Always run thru the radiator cooler first, then the AUXILLERY cooler... its meant to help, not do the whole job. Hard tubing is better than soft lines (which I am assuming you mean hose)... and there is nothing wrong with reusing a cooler in good condition with a thorough flushing/back flushing.


----------



## TPCLandscaping (Jan 19, 2012)

maybe the lines aren't stiff enough… i feel like something is clogged… putting a new cooler and new lines on today. I would think a rubber line would be fine since you see a lot of race cars and hot rods using rubber lines to their transmission coolers. 
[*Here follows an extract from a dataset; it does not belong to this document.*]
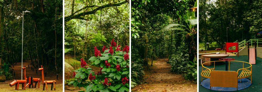 Localizado em área de preservação de mananciais, sua a vegetação é composta por eucaliptal com sub-bosque, remanescente de Mata Atlântica em estágio inicial de sucessão, campo antrópico, brejo e vegetação aquática. Destaques da FLORA: areca-bambu (Dypsis lutescens), aroeira-mansa (Schinus terebinthifolia), caá-açu (Bathysa australis), crindiúva (Trema micrantha), cumaté (Myrcia splendens), embaúba-branca (Cecropia pachystachya), eucalipto (Eucalyptus sp.), jaqueira (Artocarpus heterophyllus), jerivá (Syagrus romanzoffiana), pau-jacaré (Piptadenia gonoacantha), samambaiaçu-com-espinho (Cyathea atrovirens), sibipiruna (Poincianella pluviosa var. peltophoroides), tapiá-guaçu (Alchornea sidifolia) e tucum (Bactris setosa). Já foram registradas 55 espécies vasculares. Inventário de flora 2021.
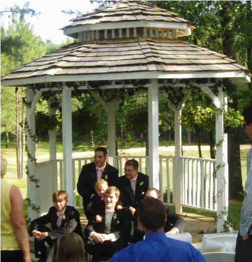 Nick built the gazebo. It has a fan in the top. The property has a pond behind the gazebo and a huge white tent was set up for the reception.

i'll look and see where the lines go a little better. I really thought all my basis were covered when i flushed the cooler lines clean. I got this transmission out of a shop in denver colorado, so i can't just pull it out and drive there to have them look through it.


----------



## TPCLandscaping (Jan 19, 2012)

yes it does run into the radiator first then out to the cooler.. pulled the return line off and the fluid flows with no problem.
I just pulled the transmission out and it will head back to the builder and they will hopefully send me another one asap!


----------



## Whiffyspark (Dec 23, 2009)

TPCLandscaping;1750454 said:


> maybe the lines aren't stiff enough… i feel like something is clogged… putting a new cooler and new lines on today. I would think a rubber line would be fine since you see a lot of race cars and hot rods using rubber lines to their transmission coolers.
> 
> i'll look and see where the lines go a little better. I really thought all my basis were covered when i flushed the cooler lines clean. I got this transmission out of a shop in denver colorado, so i can't just pull it out and drive there to have them look through it.
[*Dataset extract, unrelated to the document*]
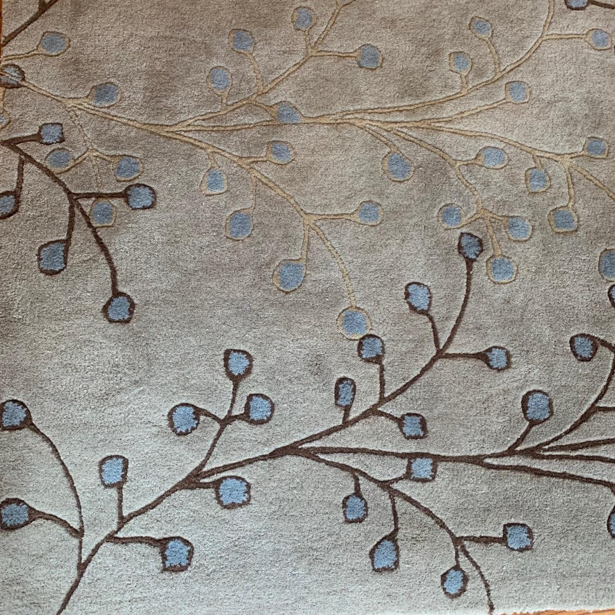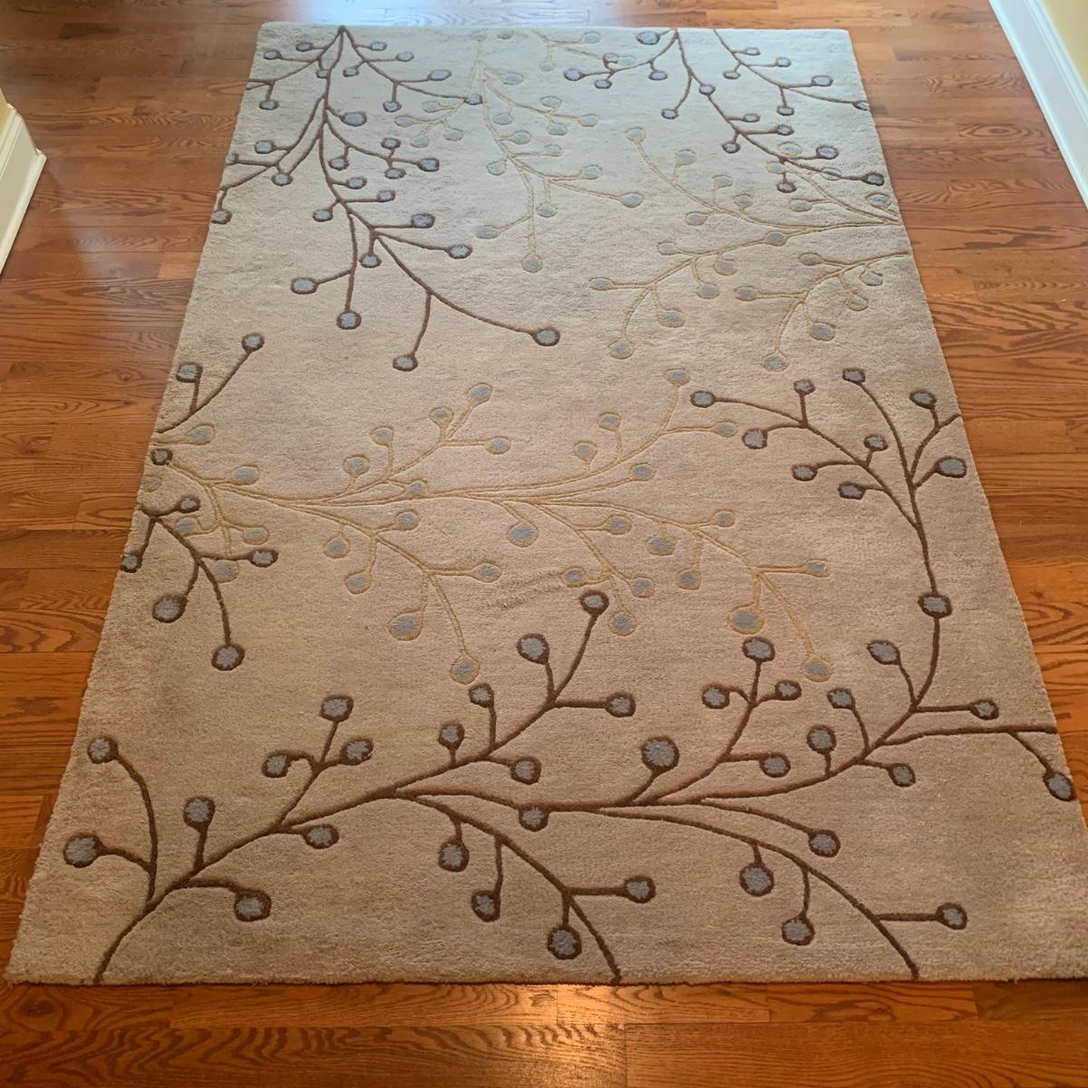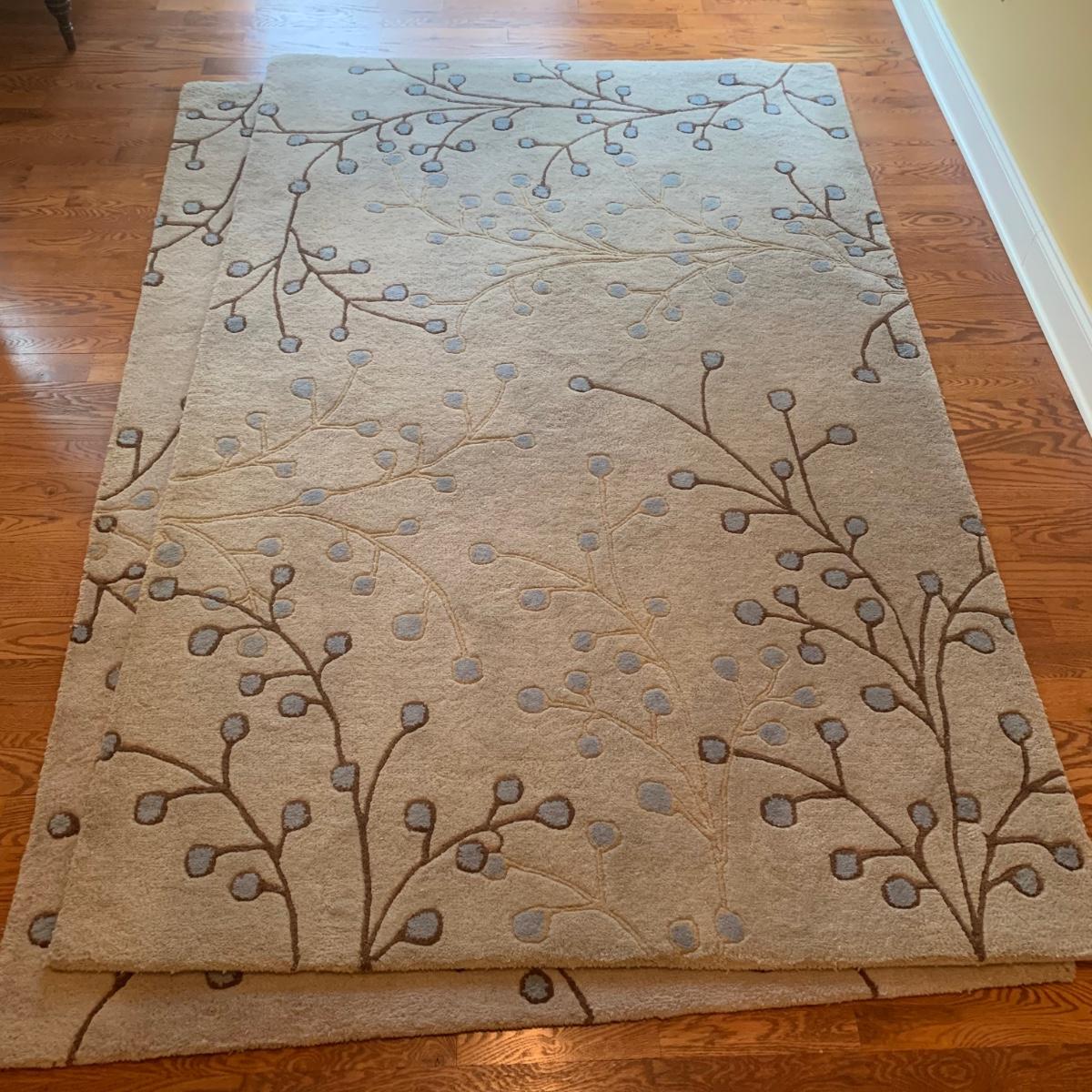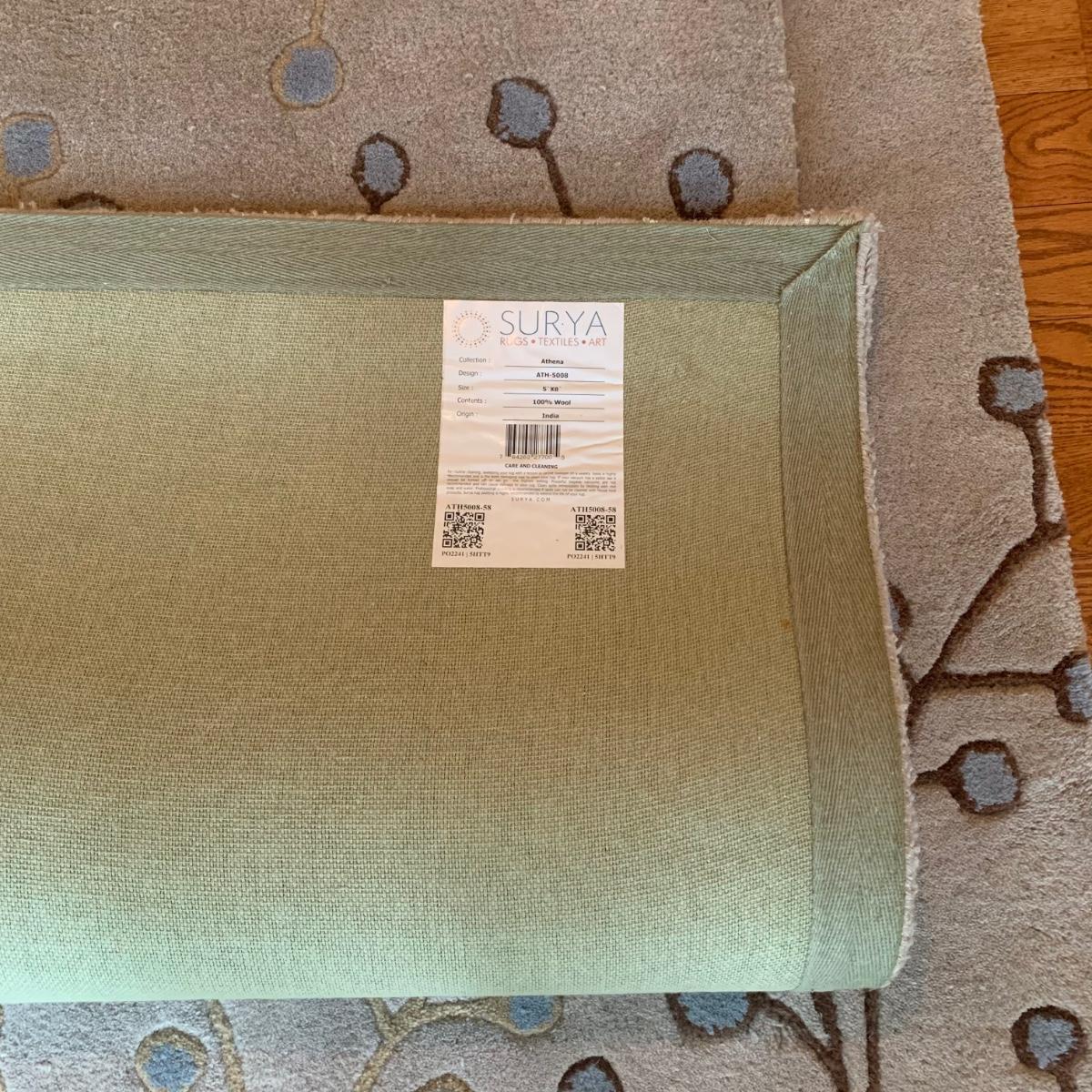 Two wool area rugs by Surya featuring springtime floral design with taupe, browns, and blues. Rugs measure, 5’ x 8’ and appear to have low pile. Please see photos for more details. Local pickup only.
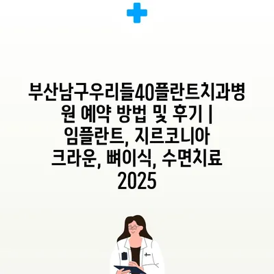 부산남구우리들40플란트치과병원 예약 방법 및 후기 | 임플란트, 지르코니아 크라운, 뼈이식, 수면치료 2025

Rubber lines to aux cooler is fine. Rubber lines from trans to main cooler isn't


----------



## TPCLandscaping (Jan 19, 2012)

Whiffyspark;1750964 said:


> Rubber lines to aux cooler is fine. Rubber lines from trans to main cooler isn't


why isn't that ok? i had a gm tech look at it tonight as i was pulling it out and he said the rubber lines were fine. They are the orange high pressure hose.


----------



## derekbroerse (Mar 6, 2004)

They might be 'ok' they just tend to be more prone to getting cut, pinched, rubbed thru, torn off on snow banks, etc.
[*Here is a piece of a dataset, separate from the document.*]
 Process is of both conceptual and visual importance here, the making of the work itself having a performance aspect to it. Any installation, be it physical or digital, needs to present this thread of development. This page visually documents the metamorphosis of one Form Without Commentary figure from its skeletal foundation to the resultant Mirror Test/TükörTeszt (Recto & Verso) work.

Also keep in mind the steel tubing acts like additional cooling capacity, radiating the heat, where the rubber will tend to insulate it and keep it in. Let's just say the factory knew what they were doing when they put steel tubing on the truck instead of hose...

Part of your problem? Not necessarily... as long as it isn't pinched over in a bend or something. But it's not helping either.


----------



## TPCLandscaping (Jan 19, 2012)

derekbroerse;1751618 said:


> They might be 'ok' they just tend to be more prone to getting cut, pinched, rubbed thru, torn off on snow banks, etc.
> 
> Also keep in mind the steel tubing acts like additional cooling capacity, radiating the heat, where the rubber will tend to insulate it and keep it in. Let's just say the factory knew what they were doing when they put steel tubing on the truck instead of hose...
> 
> Part of your problem? Not necessarily... as long as it isn't pinched over in a bend or something. But it's not helping either.


well that makes sense! 
transmission shipped back to the shop yesterday, and of course calling for a storm thursday into friday……then calling for more snow at the beginning of the week. hopefully my dodge holds up..


----------